Reporting or predicting failure should not be viewed as exhibiting a lack of respect for achieved accomplishments. Noting and repairing faults only signify the importance of email's prominent role. As with most security related protocols, responding to noted defects is fairly common. Not responding to discovered defects in a security related protocol would be shocking. Simply publishing this draft appears to have already increase the level of multiple FROM header field abuse seen where it is now at 21% of signed DKIM messages.

5. Conflating DKIM Fragments with Email Messages

DKIM signs only fragments of an email message, so it is more proper to refer to "DKIM Signed Fragments", and not "DKIM Signed Messages". Normal DKIM signature validation offers a simple PASS/FAIL associating it with a specific domain. When a recipient receives a PASS status, only the last FROM header field message fragment is ensured to have been included in the DKIM signature process. Other message fragments, including the message body, are optional and may not have been included. The FROM header field is normally visible UNLESS there are multiple FROM header fields. In which case, the signed FROM header field fragment is likely invisible, as is the DKIM signature fragments that hide which other message fragments had been encompassed by the DKIM signature process.

DKIM's trust related role is to better ensure message delivery to a user's in-box. Unless DKIM ensures this trust is not used to perpetrate deception, no positive assertions regarding a DKIM domain is safe. As a result, DKIM can not be used with either positive or negative reputation assertions in its current form.

The FROM header field is the Author identifier in section 11.1 of [I-D.kucherawy-dmarc-base]. The DMARC specification offers normative language that a message SHOULD be rejected when multiple FROM header fields are detected. This requirement would not be necessary or impose protocol layer violations if DKIM did not offer valid signature results when repeated header fields violate [RFC5322]. [RFC5322] declaring a message structure invalid does not preclude the occurrence of invalid messages, and [RFC5321] clearly states it will not enforce [RFC5322] message structure due to practical constraints. Instead of relying on optional policies such as DMARC that make partial guesses that ignore DATE or SUBJECT spoofing for example, critical violations of the message structure that pertain to enhancing trust can be enforced by DKIM simply defining the associated signatures invalid. Unlike DMARC, proper signature definition does not cross protocol layers, especially since no other layer enforces [RFC5322].

Since multiple DKIM signatures can occur, simple annotation of which fragments and domains associate with a valid signature is precluded. The ONLY message fragment ensured by a DKIM signature is the FROM header field. Just as DMARC concluded only the FROM header field is closely observed by recipients, DKIM initially reached this conclusion as well. While no absolute assurance of header field validity is asserted, the domain together with it's reputation permits recipients to increase their trust in what is observed in the FROM header field. This trust further increases when the DKIM domain is authoritative for the FROM header field domain.

When acceptance is predicated on the DKIM signature, as occurs with DMARC, preserving trust associated with the FROM header field in conjunction with the DKIM domain is destroyed whenever multiple FROM header fields are permitted by not invalidating these DKIM signatures. DMARC over reaches when rejecting email based upon message format as with [RFC6854] group syntax in the FROM header field. DMARC should not be required to second guess whether a DKIM signature is valid.

6. SMTP Can't

SMTP [RFC5321] recommends against rejecting messages based upon perceived defects in the message structure. This liberal acceptance permits evolutionary change in message specifications starting at [RFC0822] that was based on [RFC0733] replaced by [RFC2822] and again by [RFC5322], [RFC6152], [RFC6532], and [RFC6854]; the second to last paragraph in section 3 of [RFC5321] provides a definitive statement messages should not be rejected due to perceived defects in the [RFC0822] message structure. The initial reference to [RFC0822] in this paragraph offers two foot notes with the second referencing the latest version of [RFC0822] which is [RFC5322] which itself has recently been updated. The impact of initially removing text specifically indicating which header fields are not to repeat is unknown. This information was implied within the then-new ABNF notation.

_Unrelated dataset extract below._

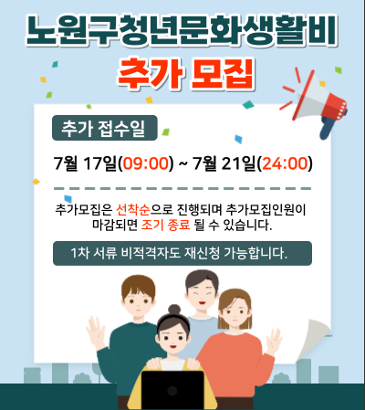 노원구청년문화생활비를 추가모집하고 있습니다.

Clarifying text for this requirement did not return until the [RFC0822] revision 19 years later which also indicates this specification's success at providing a foundation that allowed email to flourish.

There are many SMTP servers that have been in operation for decades with years passing between security patches. Such an accomplishment is most remarkable considering the volume of traffic being handled, often from highly malicious sources. This amazing stability and scalability with high levels of security would not have been possible if SMTP had been expected to validate message formats.

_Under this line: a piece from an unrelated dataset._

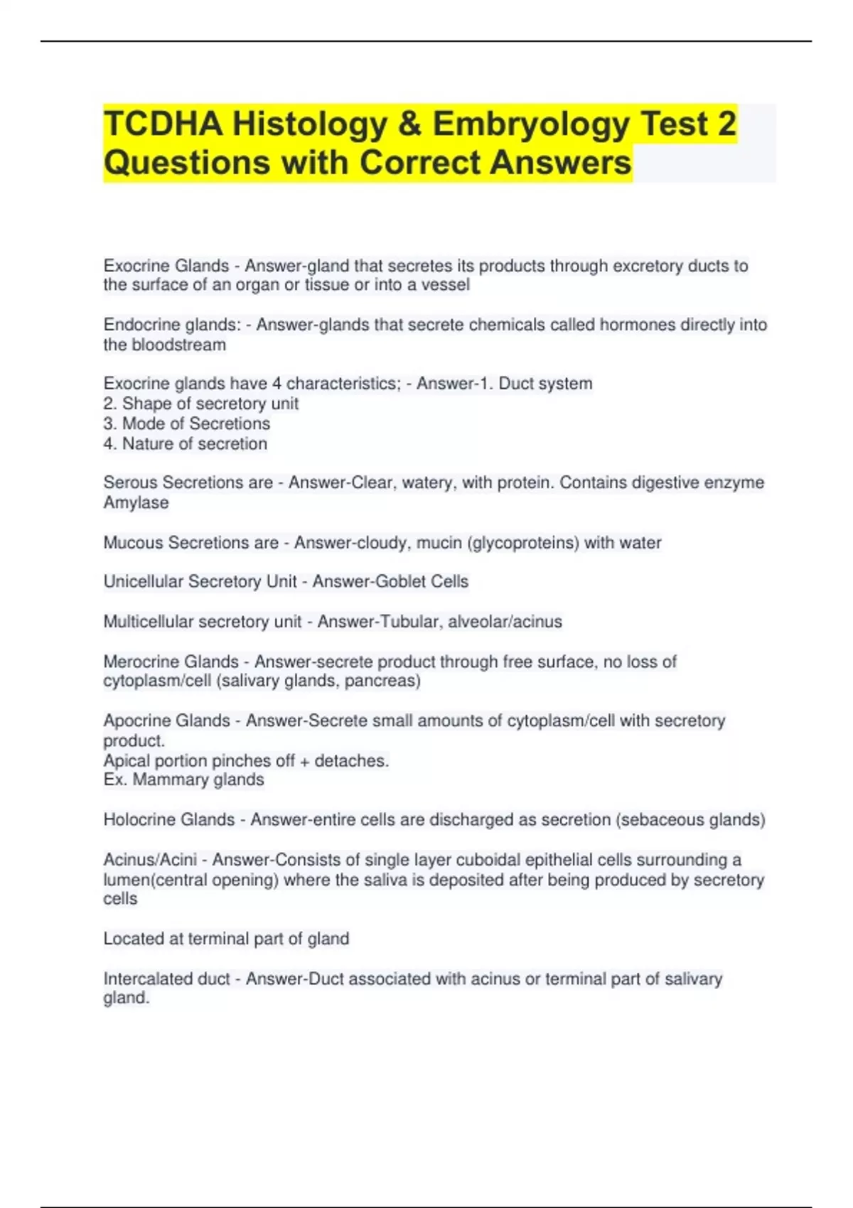 TCDHA Histology & Embryology Test 2 Questions with Correct Answers Exocrine Glands - Answer-gland that secretes its products through excretory ducts to the surface of an organ or tissue or into a vessel Endocrine glands: - Answer-glands that secrete chemicals called hormones directly into the bloodstream Exocrine glands have 4 characteristics; - Answer-1. Duct system 2. Shape of secretory unit 3. Mode of Secretions 4. Nature of secretion Serous Secretions are - Answer-Clear, watery, with protein. Contains digestive enzyme Amylase Mucous Secretions are - Answer-cloudy, mucin (glycoproteins) with water Unicellular Secretory Unit - Answer-Goblet Cells Multicellular secretory unit - Answer-Tubular, alveolar/acinus Merocrine Glands - Answer-secrete product through free surface, no loss of cytoplasm/cell (salivary glands, pancreas) Apocrine Glands - Answer-Secrete small amounts of cytoplasm/cell with secretory product. Apical portion pinches off + detaches. Ex. Mammary glands Holocrine Glands - Answer-entire cells are discharged as secretion (sebaceous glands)

Expecting SMTP to validate message formats to protect against vulnerabilities pertaining to protocols such as DKIM does not scale. The general use of DKIM permits signature checks subsequent to acceptance where only the status of signatures determines internal placement. As such, it becomes critical to ensure a DKIM signature is never declared valid having malformed header field stacks. To accomplish this, the DKIM specification must change.

7. DKIM Vulnerability

DKIM permits a vulnerability by not checking the message header field stack for invalid repeats when signing or verifying a signature. The DKIM signature process must walk both down and then up the header field stack while selecting the header fields to be included in the hash process of the signature. The DKIM process will even ignore prefixed FROM header fields which is the only header field always included.

The WG concluded that "listing non-existent header fields as signed" hack added in non-normative language together with opinions that checking for invalid repeated header fields is not to be considered DKIM's problem. See section 8.15 of [RFC6376] where this issue was expressed as not an attack against the trust DKIM intends to convey, and thus not a concern for DKIM. Nevertheless, improperly formed messages may display only the first of multiple header fields that, as a result of erroneous assumptions of there being no invalid repeated header fields, the prefixed header fields are likely to be displayed in lieu of those signed while not impacting DKIM's signature validity.

DKIM incorrectly assumed the header field stack's starting condition, which DKIM itself is best able to determine, and is an option in the OpenDKIM implementation. This is likely to astonish most recipients that DKIM failed to make a robust effort to maintain the trust it is attempting to convey. Three members of the WG authored proposed changes aimed specifically at addressing this issue [DKIM-MH-Attack]. At the time, some expressed concerns about whether this might set back DKIM's standardization process. As such, DKIM Signers may sign malformed messages (e.g., violate [RFC5322]) and be in compliance with DKIM specifications. In addition, receivers may verify these messages as having valid signatures despite multiple instances of a header field only permitted to occur once and also be in compliance with DKIM specifications. See addendum for examples of the possible abuse permitted.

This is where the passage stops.